3

This is a testing question, not an implementation question.

I have a program which produces a JSON, I want to be able to compare outputs consistently, so I'm converting all of my dicts to OrderedDicts.

I've searched through, and I'm pretty confident that I got them all, but good programming still requires testing. I'm not sure how to actually test that my dictionaries are coming out in the same order because I told them to, vs they just happened to come out in the same order...

Is there a way to force Python to randomize its non-Ordered dicts?

ETA: I'm using python 2.7. I've still got 18 months to convert this thing... it's on the list..

Brian Postow
  • 10,227
  • 14
  • 69
  • 113
  • 2
    Why does the order matter here? Can you just parse the JSON and compare it? – internet_user May 22 '18 at 20:32
  • Because there are some bits where the order matters in that the two sections need to be in the same order, for usage reasons. Also, because running text diff is much easier than writing a json comparison script... (None of the json comparison scripts out there seem to work right) – Brian Postow May 22 '18 at 20:38
  • If you use python 3.3 and up there’s already hash randomisation for each run of the interpreter. – jonrsharpe May 22 '18 at 20:39
  • 1
    Parse the JSON, recursively sort the resulting list/dict, then run any simple sequence diff on a depth-first walk of the trees. – abarnert May 22 '18 at 20:40
  • There are some things that can't be sorted alphabetically. because different parts need to be synchronized. – Brian Postow May 22 '18 at 20:41
  • And I am using 2.7 still... – Brian Postow May 22 '18 at 20:42
  • @jonrsharpe But that doesn't actually solve the OP's problem.
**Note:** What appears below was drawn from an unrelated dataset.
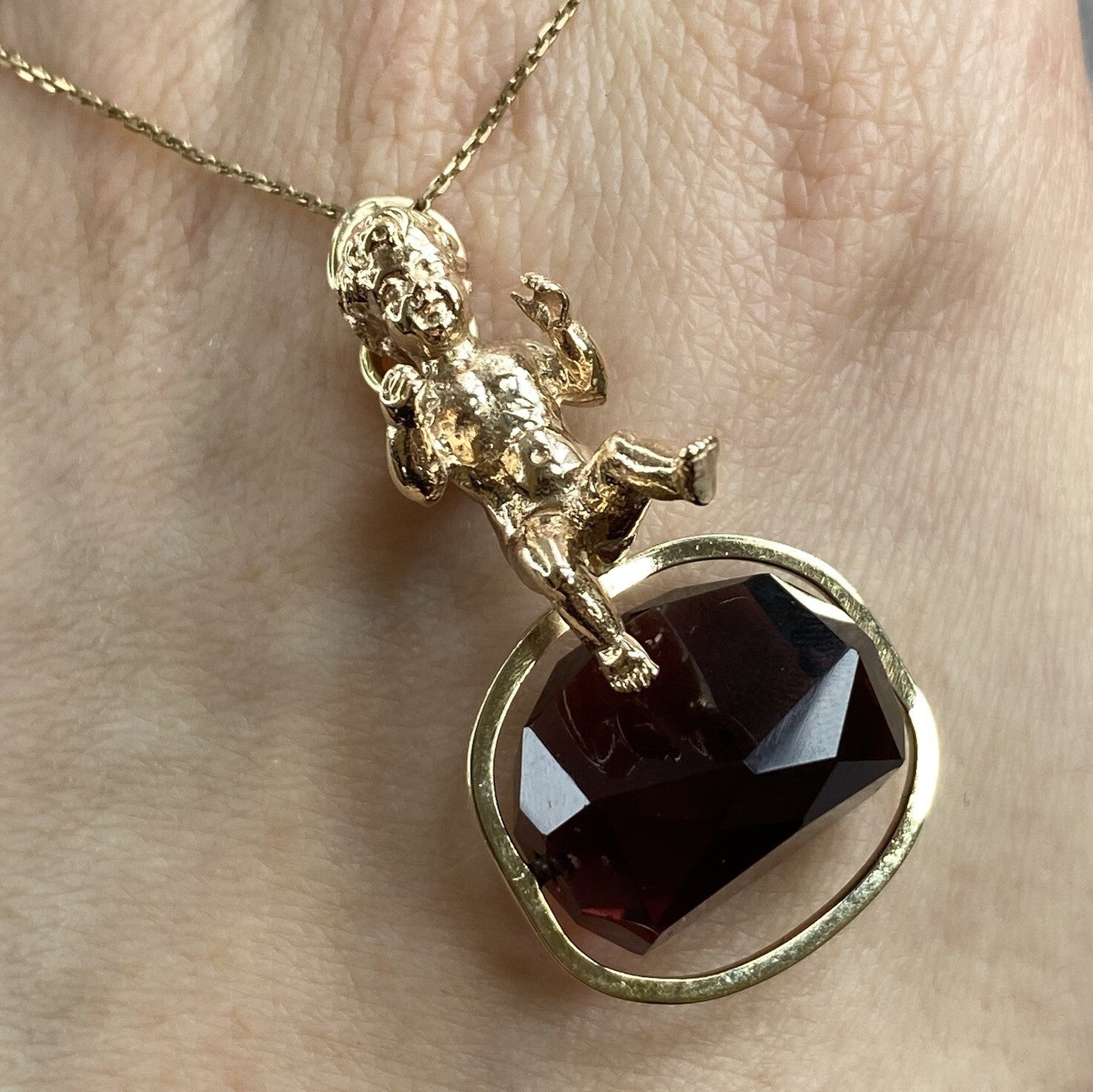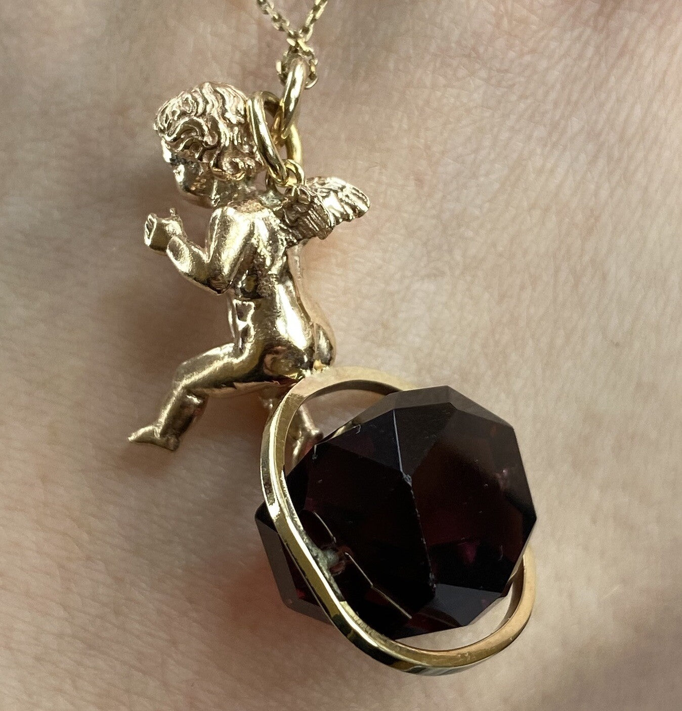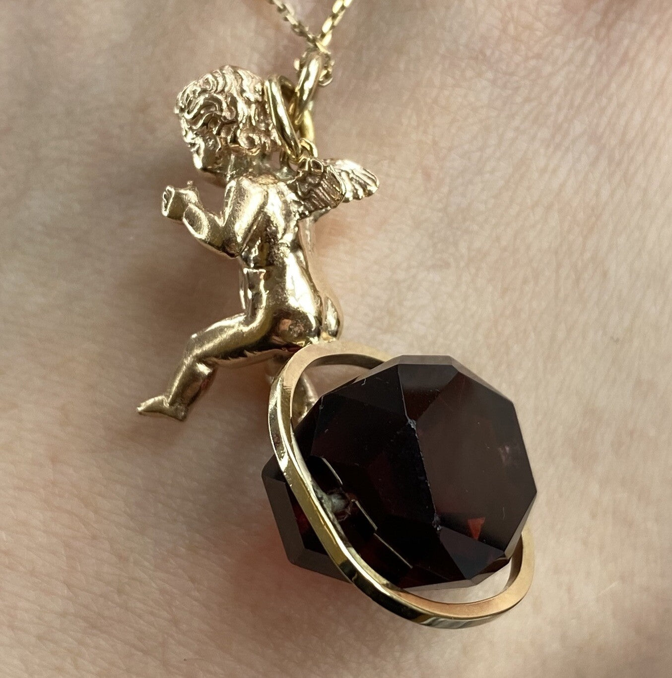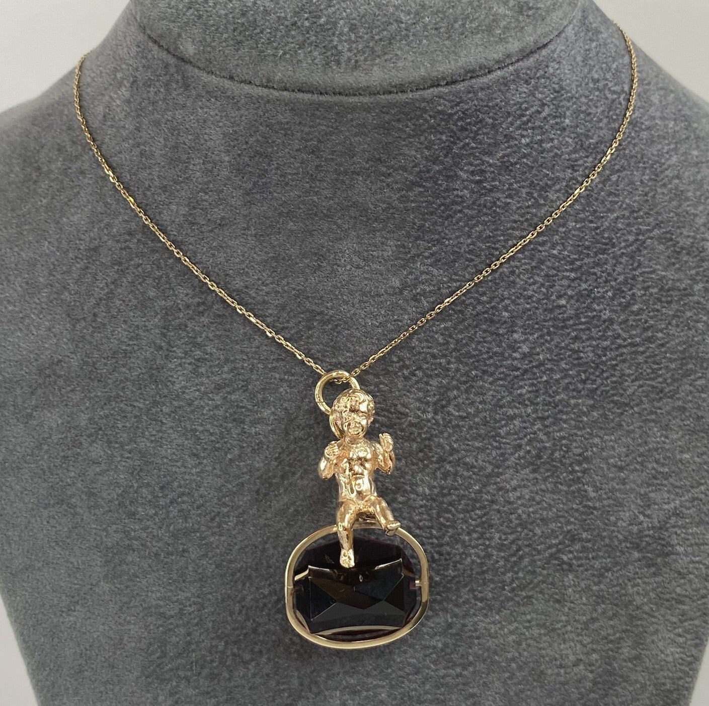 Cupid Swivel Fob Antique Glass Stone Pendant 9ct 375 Rose Gold

There is no guarantee that the strings' hashes won't randomly happen to end up in the same order as insertion order. In fact, it makes it slightly worse—even if you test it and verify that hash order and insertion order are distinct, they may not be distinct in future runs of the same test. – abarnert May 22 '18 at 20:42
  • JSON objects can only have strings as keys. Which can always be alphabetically sorted. (And remember, we're not taking about sorting things for display purposes here, just sorting things to verify that the diff is empty.) – abarnert May 22 '18 at 20:43
  • Do you ever need dicts to be sorted? Or merely their string representations? – BallpointBen May 22 '18 at 21:53

1 Answers1

2

I'm not sure you really do need to test this, but if you do…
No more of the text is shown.